Gilhooly was an excellent networker and lived in London, Paris, Seattle and New York at various points in his life. International in his outlook and approach, he had contacts throughout the world in the applications of digital technology to health and wellbeing. He organised and spoke at many seminal conferences and workshops that addressed the planet’s digital future.

Friend and colleague Mark Malloch-Brown, who worked with Gilhooly on the G7 scheme to embed digital health technology in the developing world, said Gilhooly was always at the centre of things – whether at work or in a social setting. “His spark was contagious and his enthusiasm for work infectious.”
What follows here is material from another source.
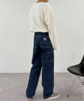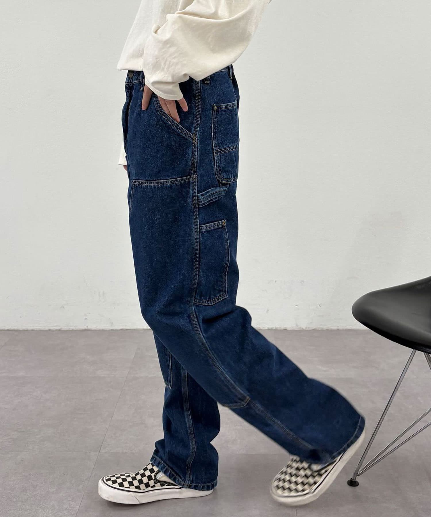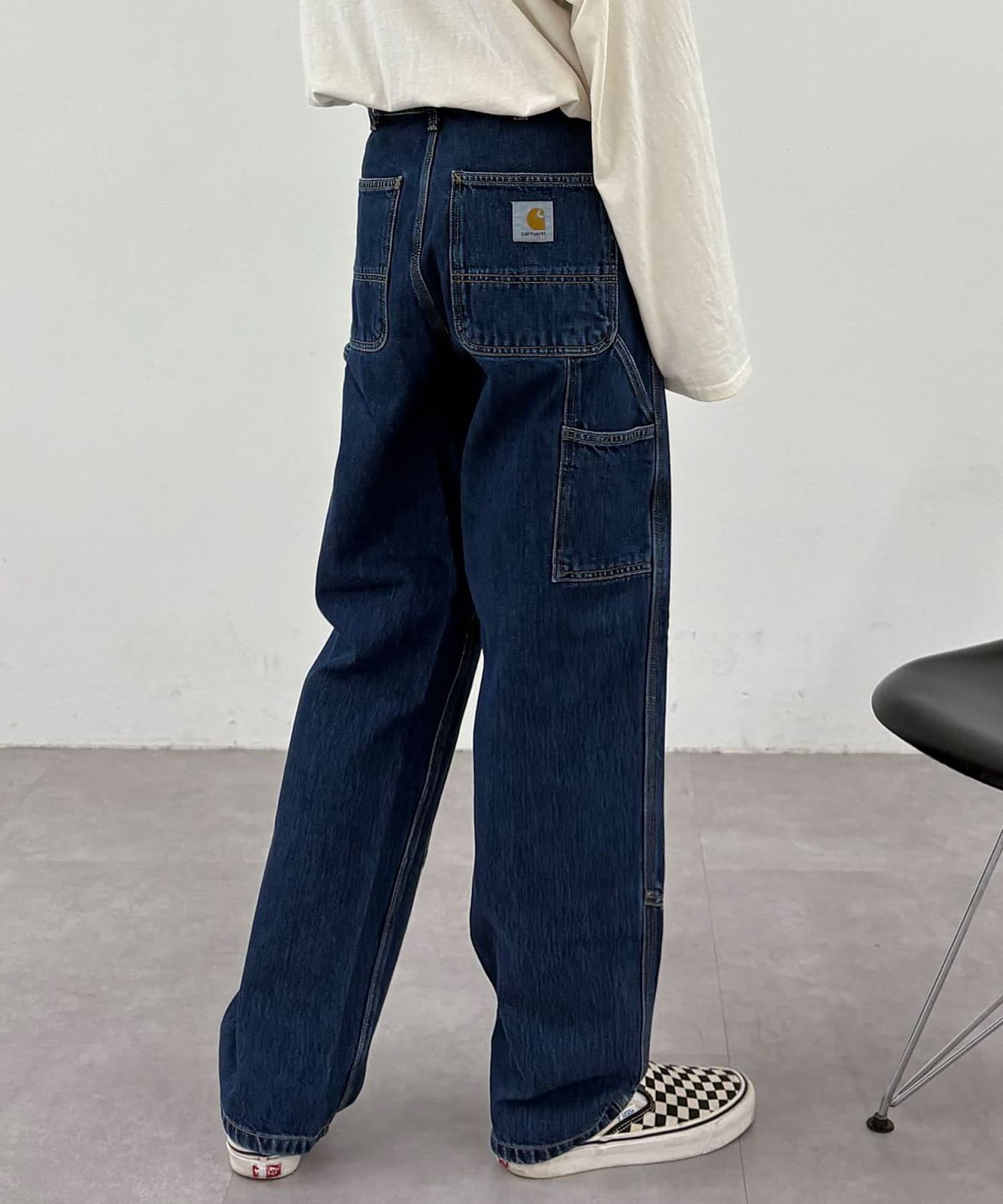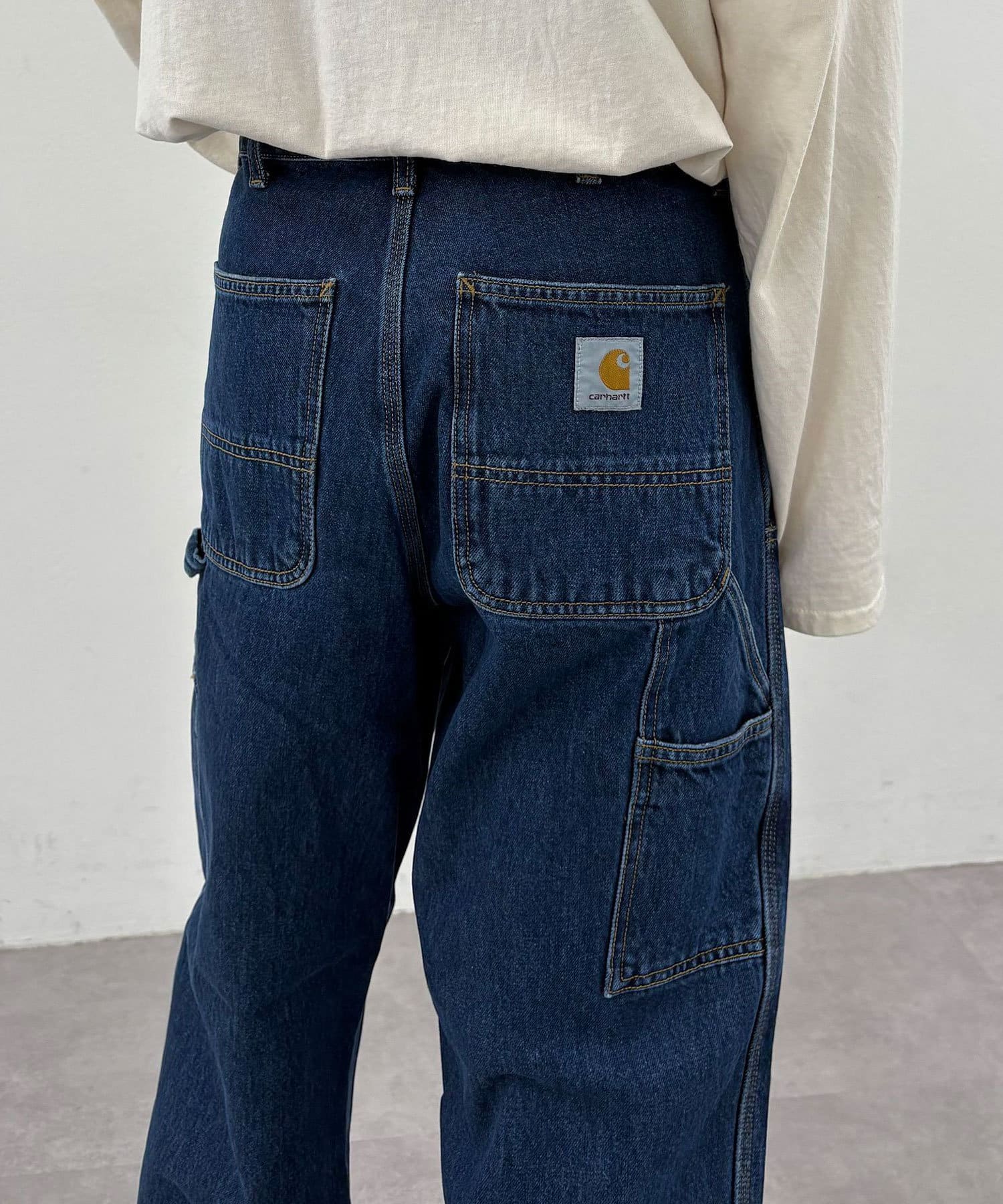 カーハートWIPが誇る代表的なアイテムと言っても過言ではないダブルニーパンツのデニムバージョンです。リサイズなどを施していない、昔ながらのシルエットの一本。タフな生地感と、ワイドなシルエットが特徴的で、今のトレンドに相応しいアイテムです。野暮ったくならない綺麗なシルエットが特徴で、必ず1本は持っておきたいマストアイテムです。ワークスタイルに忠実なディティールも魅力的です。

Gilhooly grew up in Epsom, the middle child of three of Jim and Anne Gilhooly from Dromahair, Co Leitrim. Both his parents worked in the mental health sector. Anne was a night nurse, and Jim a nursing assistant. Denis attended St Andrew’s comprehensive school in Leatherhead, Surrey, and was the first member of his family to go to university. He obtained a BA honours degree in English literature from Cambridge Polytechnic (now Anglia Ruskin University) and a master’s in literature, specialising in the work of Shakespeare, from Birmingham University. He retained a love of Shakespeare throughout his life, and had a Shakespearean quote for every occasion.

At 24 he founded the publication Communications Week International before moving into and specialising in digital health. He quickly realised that digital technologies were critical to the detection and surveillance of pandemics through their inherent ability to keep pace with the spread of infectious diseases.

Gilhooly travelled extensively all his life, and was based in China for the last year of his life. Joann O’Brien, vice-president of TM Forum’s 5G digital ecosystems, says that the Health Data Platform, which is in the final phase of development, will be named after him.

He is survived by his sisters, Brenda and Marian; and three nieces.